1. Laws and regulations may institutionalize the tragedy of the commons.The rule of capture (which stated that oil belonged to whoever pumped it out of the ground) and related regulations led petroleum companies to drill as many wells as possible in order to get the oil before their competitors could. By encouraging companies to drill otherwise unnecessary wells, the rule led to wasted resources and sometimes to reservoir damage.

Groundwater in the United States is still a commonproperty resource. Because no one owns it, no one has an incentive to conserve it. Farmers in California, enjoying subsidized water prices, have been growing water-intensive crops such as rice and cotton in desert areas despite endemic water shortages.

2. Special interests lobby the government to get their products or services mandated by regulation. The mandated use of ethanol in automotive fuel is an example. In the United States most ethanol is made from corn. Farmers who grow corn and companies that make ethanol from it have heavily pressured Congress to require its use. As a further subsidy the government has banned imported ethanol even though it can be purchased from other countries for less than it costs to make it here. One unintended consequence has been an increase in food prices. As the price of corn has risen, so has corn-based animal feed and with it the price of beef, milk, chicken, and eggs.

3. Regulations can create (or destroy) entire industries overnight.
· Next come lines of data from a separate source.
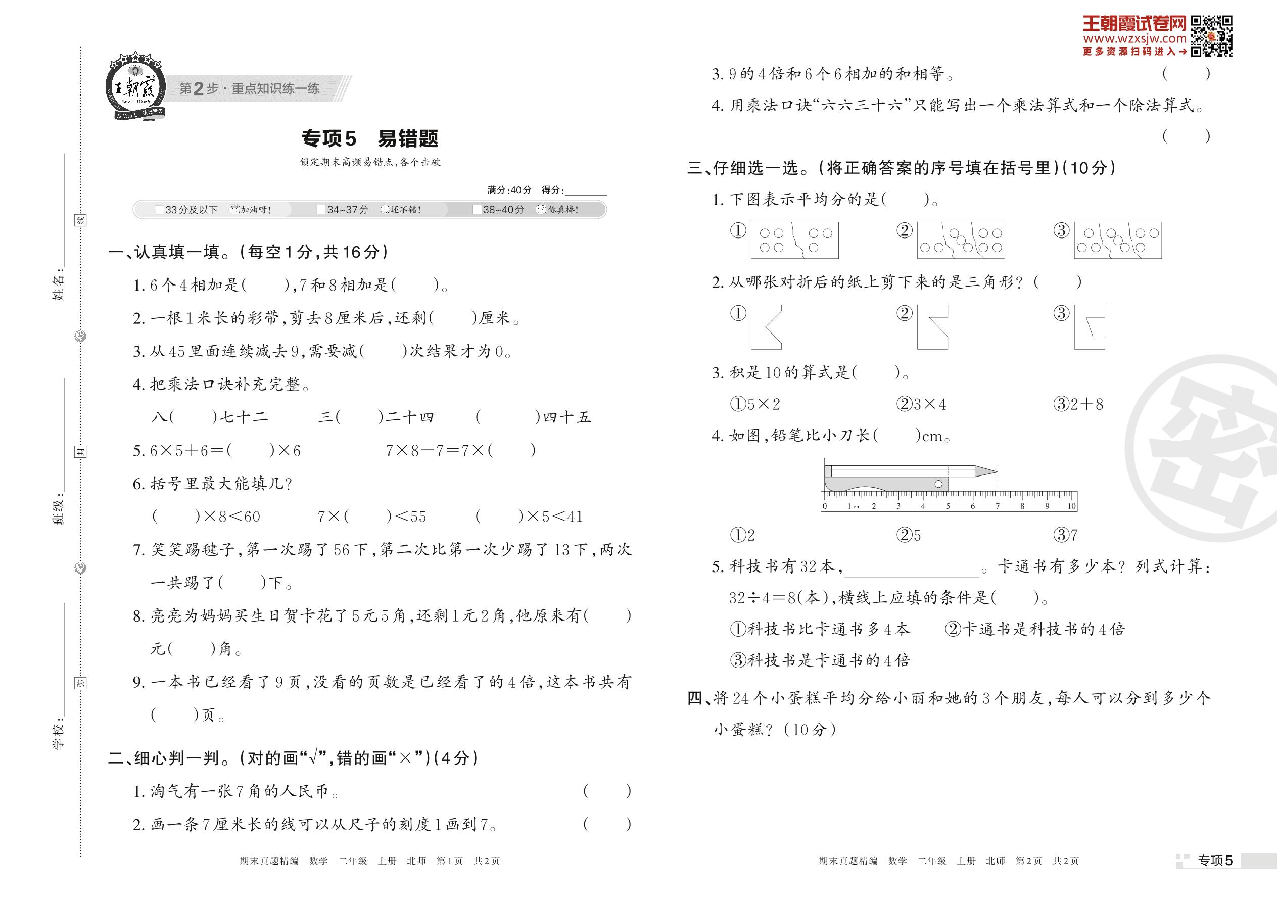 王朝霞期末专项卷——易错题二年级上册数学(北师版)_R221128183438064【5】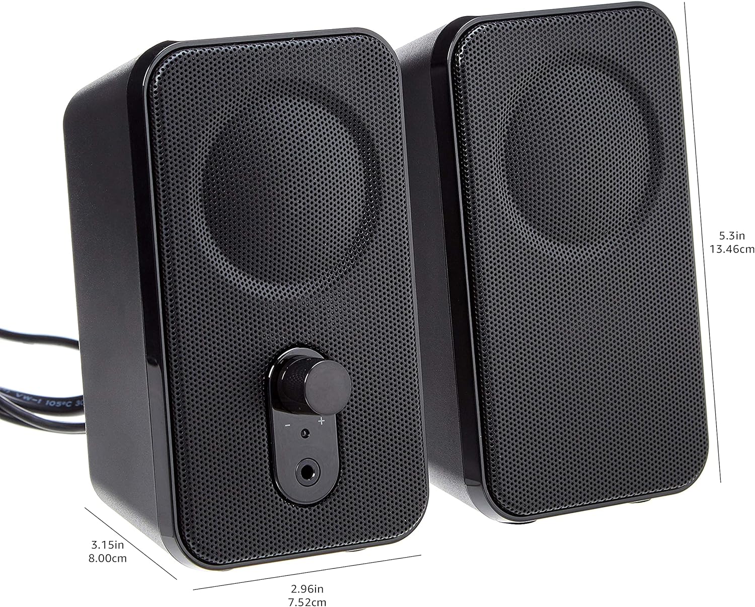 Amazon Basics Computer Speakers for Desktop or Laptop PC, AC-Powered (US Version), Black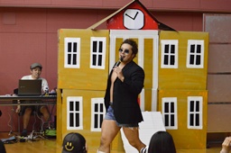 「ファンキー・モンキー・ベイビー」が流れると戻ってくるのがスターの宿命か(右写真)。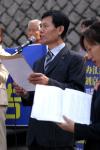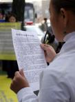 之后,“韩国法轮大法学会”代表向中国大使馆递送了公告。接着又移到中国领事馆,再次举行了活动。恰巧当天中国领事馆前有许多排队等待办理领事业务的中国人,他们目睹了活动的全过程,有些中国人仔细的阅读了印在横幅上的公告,深表关心。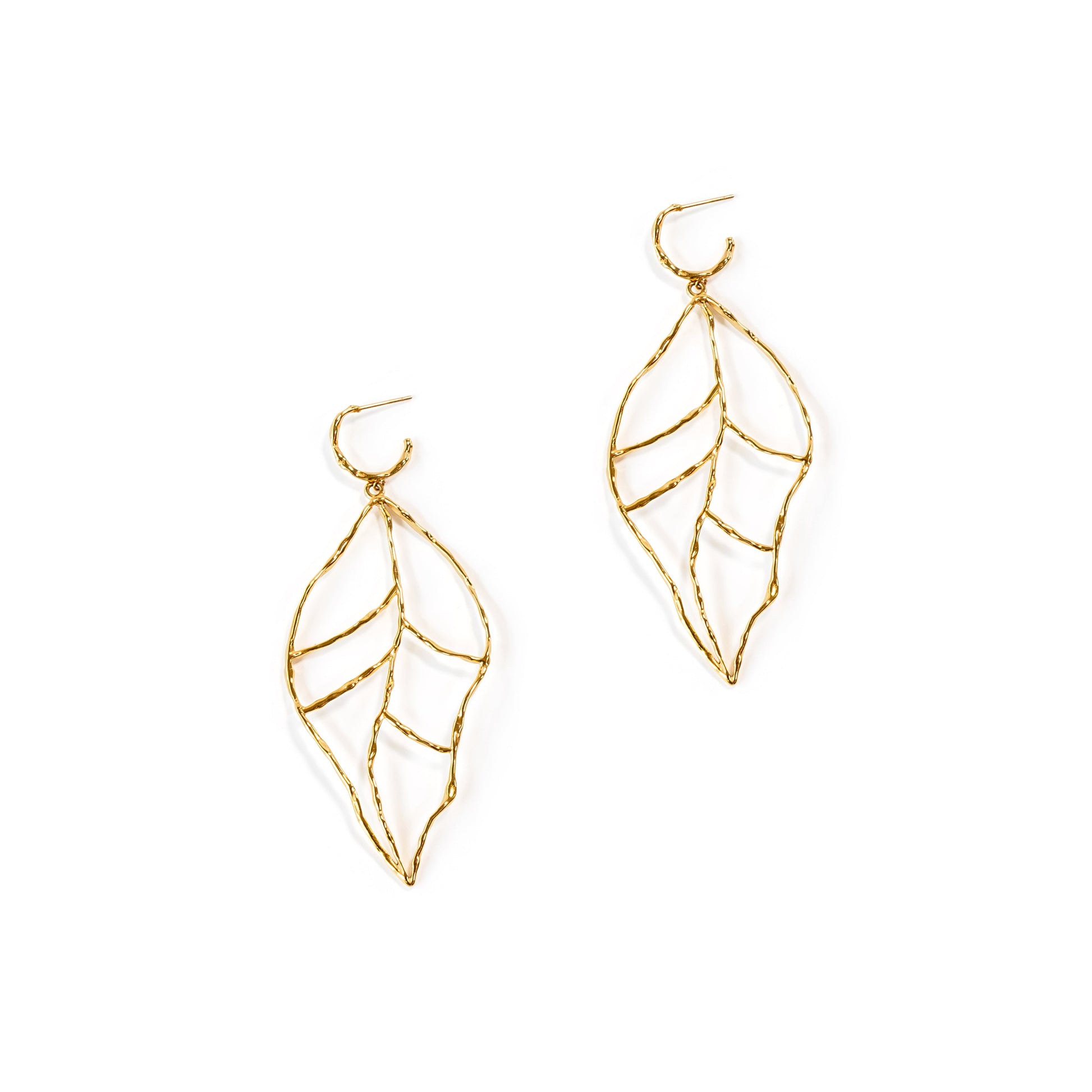 The Leaf of Learning Earrings are inspired by Eden's vocational training program which trains women in jewelry making, sewing, beauty therapy, and more. The 18K gold-plated leaf-shaped pendants are 3.5" by 1.5". They sit on 316 medical-grade hoop posts.

The use of such power adds uncertainty and risk to the market. If risk reaches unacceptable levels, investors put their money elsewhere. The concentration of political power in Washington forces companies to lobby Congress and the White House for protection against its arbitrary use. Corporate lobbying, in turn, increases people's distrust of the system.

4. Regulations are often the result of compromise. After concessions have been made to this powerful representative or that influential senator, the resulting law or regulation may be very different from the original proposal and have far different consequences. Politics may be "the art of the possible," but what is politically possible may be neither practical nor environmentally friendly.

Compromise can also result in laws so vaguely worded that they can be interpreted in any number of ways. In the end it is left up to regulatory agencies and the courts to decide what a bill actually means. Their interpretations may be very different from the original intentions of the bill's proponents.

The Clean Air Act Amendments of 1977, for example, stated that only new factories and power plants would have to meet the tighter emissions standards imposed by the act.